“Over the next 2 1/2 years, the city is budgeted to spend nearly $22 million to tear down 1,500 abandoned houses — a move urban planners say could transform Baltimore visually and clear a path for struggling neighborhoods to attract future development. Previously, the city had been spending about $2.5 million a year on demolition.
The houses in communities like Johnston Square will be replaced with gardens, urban farms and green space, with the intention that someday new homes and businesses will take their place.
Ralph Moore, 61, a longtime community activist in the East Baltimore neighborhood, recently walked past a shell that once housed a family with children who poured out the front door and into the nearby St. Frances Academy. The empty house is standing amid a half-demolished strip of the city’s trademark rowhouses.
Moore and others are glad, for now, to see the vacant houses come down. But they also say they’re expecting to hear in time about plans for redevelopment.
“I think you can’t talk about demolition without answering the question, ‘What’s going to come in its place and who’s going to benefit?’ ” Moore said. “We just don’t want a lot of tracts of vacant land like Detroit.”
Mayor Stephanie Rawlings-Blake says she understands the concern. “When change comes and when there isn’t an immediate market demand, it leaves a lot of unease because the future isn’t certain,” she said. But the goal, she stressed, is “renewal and strengthening our neighborhoods. … We’re not putting the properties on the back burner.”

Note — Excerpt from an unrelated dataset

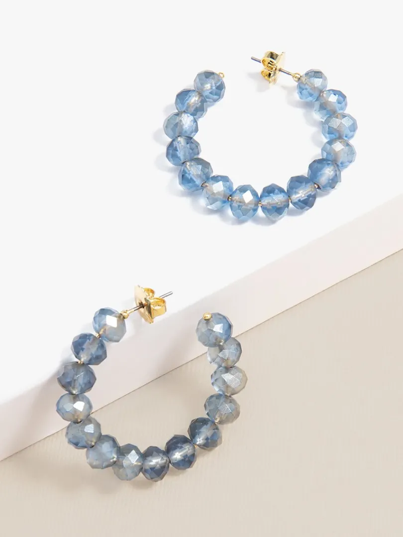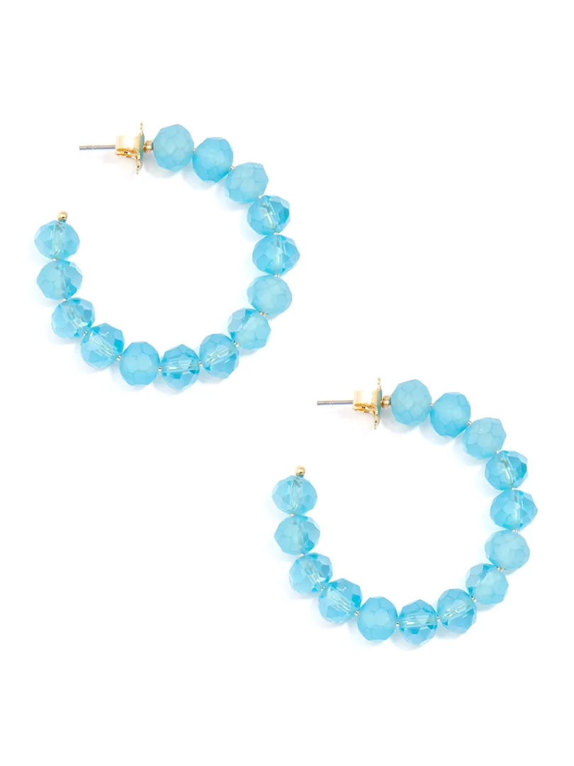 It’s glow-time! These c-shaped, small hoop earrings is composed of matte, faceted crystal beads. Great for adding a touch of color to any outfit.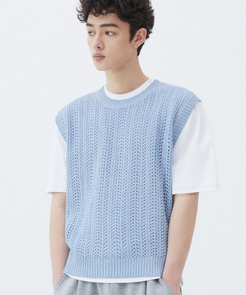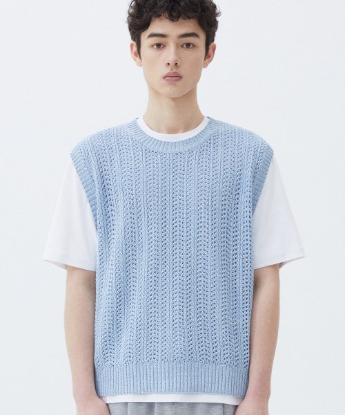 와플 펀칭 니트 베스트 (SKY BLUE)

The demolition schedule is part of the mayor’s Vacants to Value program, which she calls a data- and market-driven approach to ridding Baltimore of a sizable portion of its 16,000 vacant, blighted houses over the next 10 years. The goal is to systematically assess vacant houses, restore those that are viable, and demolish whole swaths of those that are not, in the process creating sites for eventual redevelopment.”